* Supplied information
*** Begin section ***

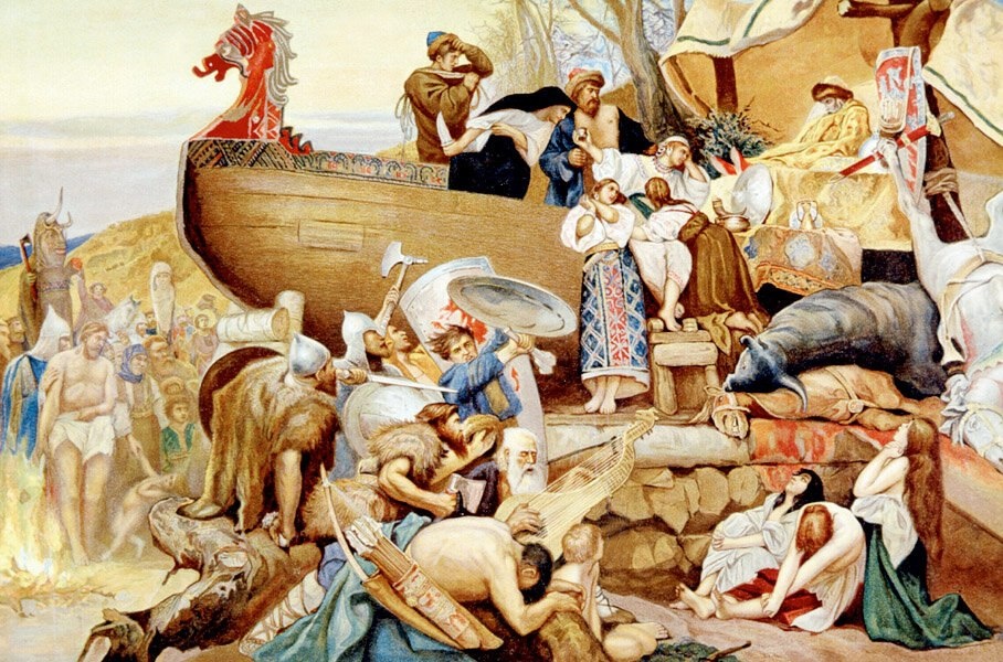 Ход погребальной церемонии у викингов (по данным археологии, саг и свидетельству арабского путешественника Ибн-Фадлана):
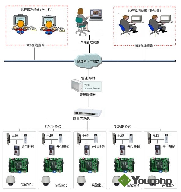 (一)术语 管理服务器系统业务主要逻辑处理,包括前台系统管理软件及数据库。远程管理终端学生或教师登陆系统服务器所用终端,可进行网络实验室预约、审批及查看等业务。本地管理终端值班老师登陆系统服务器所...
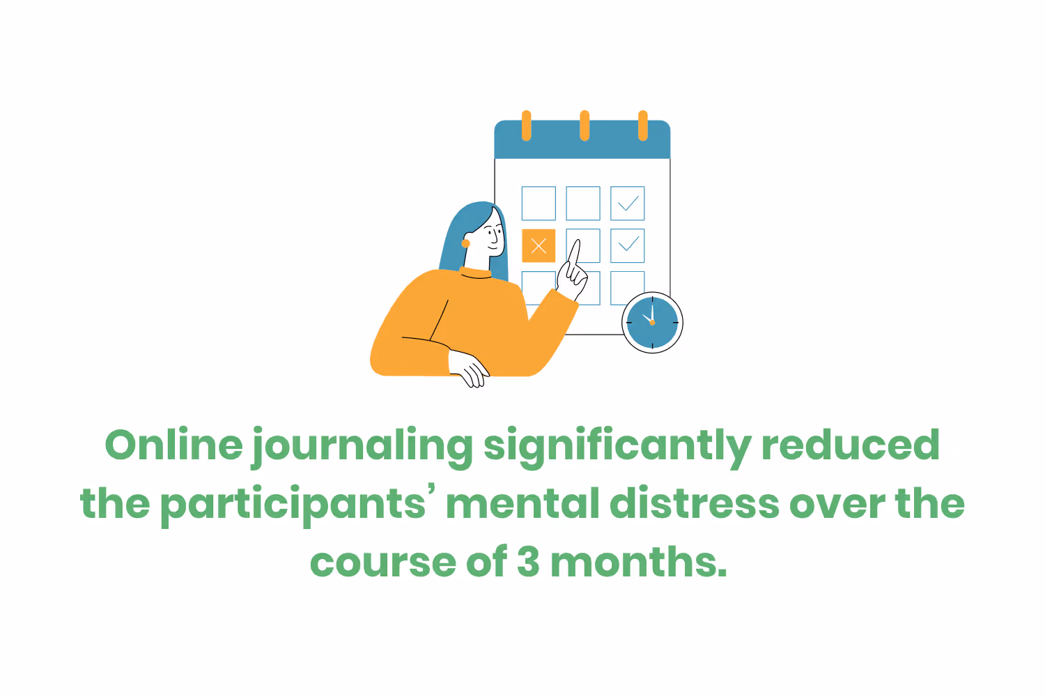 Another study in 2018 assessed 70 adults experiencing elevated anxiety levels. The study concludes that online journaling significantly reduced the participants’ mental distress over the course of 3 months.

*** End section ***

* Directions for this task
The result should be the same data as above, line for line, with the pictures gone.

* Answer space
 Ход погребальной церемонии у викингов (по данным археологии, саг и свидетельству арабского путешественника Ибн-Фадлана):
 (一)术语 管理服务器系统业务主要逻辑处理,包括前台系统管理软件及数据库。远程管理终端学生或教师登陆系统服务器所用终端,可进行网络实验室预约、审批及查看等业务。本地管理终端值班老师登陆系统服务器所...
 Another study in 2018 assessed 70 adults experiencing elevated anxiety levels. The study concludes that online journaling significantly reduced the participants’ mental distress over the course of 3 months.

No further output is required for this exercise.